О Пифагоре пишет афинский грамматик первой половины III в. н. э. Диоген из Лаэрты в Киликии, который оставил сочинения, являющиеся единственной «историей философии», написанной в античности.
«Что касается его (Пифагора — прим автора) учения, то большинство писавших утверждают, что так называемые математические науки он усвоил от египтян, халдеев и финикиян (ибо геометрией издревле занимались египтяне, числами и подсчетами — финикияне, а наблюдением небес — халди), а от магов услышал о почитании богов и о прочих жизненных правилах. Первое знакомо многим, потому что записано в книгах; зато прочие жизненные правила известны менее. О чистоте своей он так заботился (пишет Евдокс в VII книге „Объезда земли“), что избегал и убийств и убийц: не только воздерживался от животной пищи, но даже сторонился поваров и охотников. Антифонт в книге „О жизни мужей, отличавшихся добродетелью“ рассказывает, какую выносливость выказал Пифагор в Египте. Пифагор услышал, как хорошо в Египте воспитывают жрецов, и захотел сам получить такое воспитание; он упросил тирана Поликрата написать египетскому царю Амасису, своему другу и гостеприимцу, чтобы тот допустил Пифагора к этому обучению. Приехав к Амасису, он получил от него письмо к жрецам; побывав в Гелиополе, отправился в Мемфис, будто бы к жрецам постарше; но, увидев, что на самом деле и здесь то же, что и в Гелиополе, из Мемфиса он таким же образом пустился в Диосполь. Там жрецы из страха перед царем не решались дать ему свои заветы и думали отпугнуть его от замысла безмерными тяготами, назначая ему задания, трудные и противные эллинским обычаям. Однако он исполнял их с такой готовностью, что они в недоумении допустили его к жертвоприношениям и к богослужениям, куда не допускался никто из чужеземцев.

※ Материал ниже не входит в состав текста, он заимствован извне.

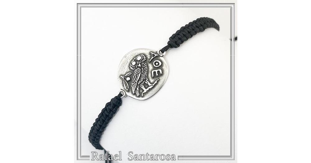 Owl Coin Tetradrachm macrame Oxidized Sterling Silver Bracelet: Greek Museum Jewelry

Воротившись в Ионию, он устроил у себя на родине училище; оно до сих пор называется Пифагоровой оградой, и самосцы там собираются на советы по общественным делам. А за городом он приспособил для занятий философией одну из пещер и проводил там почти все свои дни и ночи, беседуя с друзьями. Но в сорок лет (по словам Аристоксена) он увидел, что тирания Поликрата слишком сурова, чтобы свободный человек мог выносить такую деспотичную власть; и тогда он собрался и отправился в Италию.

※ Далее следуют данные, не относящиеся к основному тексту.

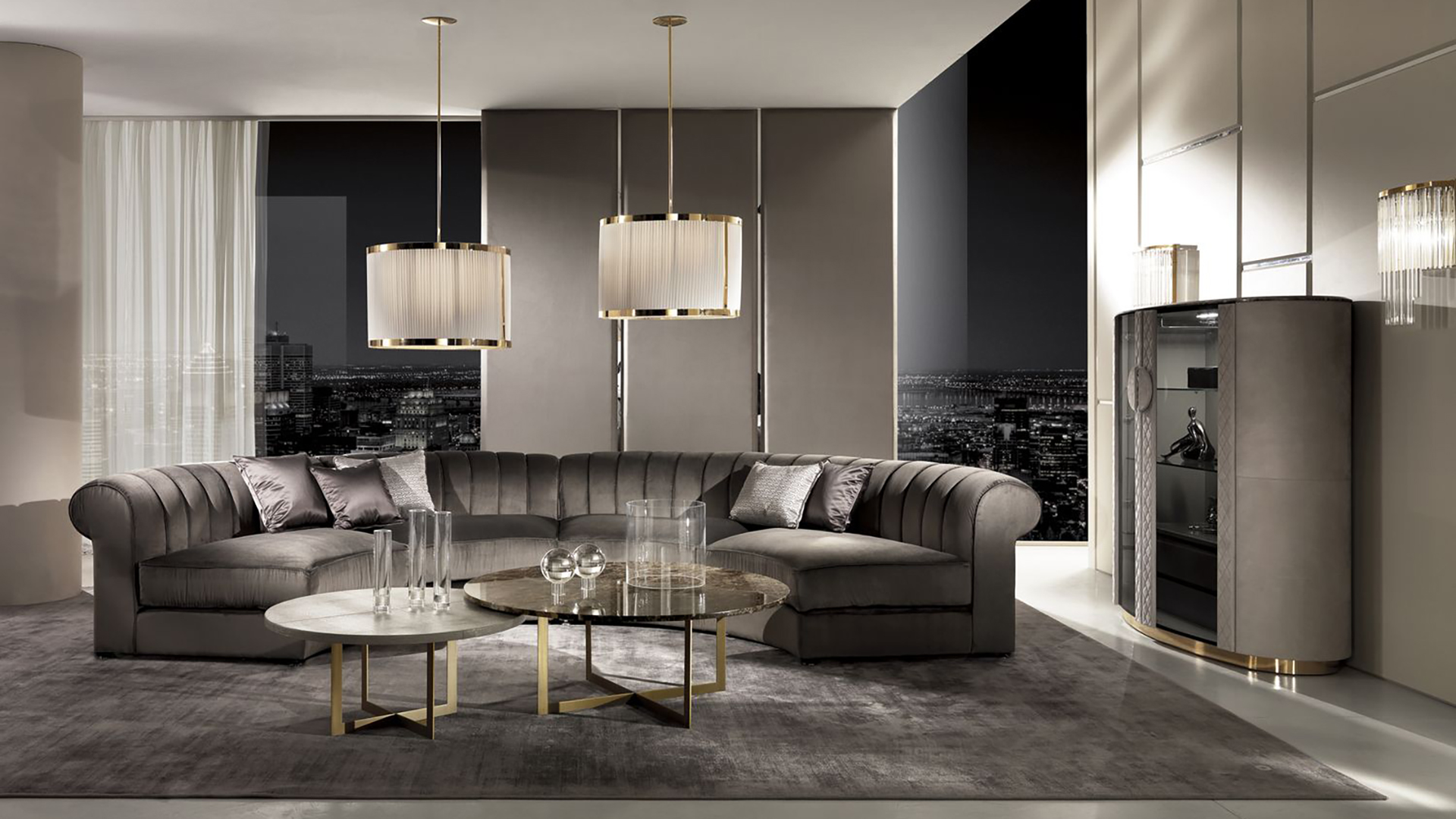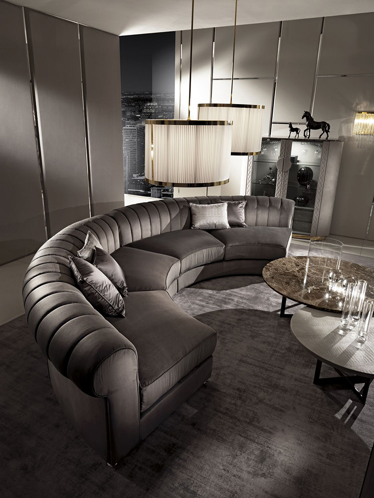 Կիսաշրջանաձև բազմոց՝ քրոմապատ հիմքի վրա։ Կարկասը բաղկացած է փայտից և պոլիուրեթանից։ Նստատեղերի և մեջքի բարձիկները լցված են սագի բմբուլով։ Առկա են պաստառների տարբեր լուծումներ:

Достигнув Италии, он появился в Кротоне (об этом говорит Дикеарх) и сразу привлек там всеобщее уважение как человек, много странствовавший, многоопытный и дивно одаренный судьбою и природою: с виду он был величав и благороден, а красота и обаяние был у него и в голосе, и в обхождении, и во всем. Сперва он взволновал городских старейшин; потом, долго й хорошо побеседовал с юношами, он по просьбе властей обратил свои увещания к молодым; и наконец, стал говорить с мальчиками, сбежавшимися из училищ и даже с женщинами, которые тоже собрались на него посмотреть. Все это умножило громкую славу и привело к нему многочисленных учеников из этого города, как мужчин, так и женщин, среди которых достаточно назвать знаменитую Феано; даже от соседних варваров приходили к нему и цари и вожди. Но о чем он говорил собеседникам, никто не может сказать с уверенностью, ибо не случайно окружали они себя молчанием; но прежде всего шла речь о том, что душа бессмертна, затем — что она переселяется в животных, наконец, что все рожденное вновь рождается через промежутки времени, что ничего нового на свете нет и что все живое должно считаться родственным друг другу. Все эти учения первым принес в Элладу, как кажется, именно Пифагор.
Он так привлек к себе всех, что одна только речь, произнесенная при въезде в Италию (говорит Никомах), пленила своими рассуждениями более двух тысяч человек; ни один из них не вернулся домой, а все они вместе с детьми и женами устроили огромное училище в той части Италии, которая называется Великой Грецией, поселились при нем, а указанные Пифагором законы и предписания соблюдали ненарушимо, как божественные заповеди. Имущество они считали общим, а Пифагора причисляли к богам. Поэтому, овладев так называемой „тетрактидой“ („четверкой“), одним из приемов, составлявших его тайное учение, — впрочем, приемом изящным и приложимым ко многим физическим вопросам, — они стали ею клясться, поминая Пифагора как бога и прибавляя ко всякому своему утверждению:
Будь свидетелем тот, кто людям принес тетрактиду, Сей для бессмертной души исток вековечной природы!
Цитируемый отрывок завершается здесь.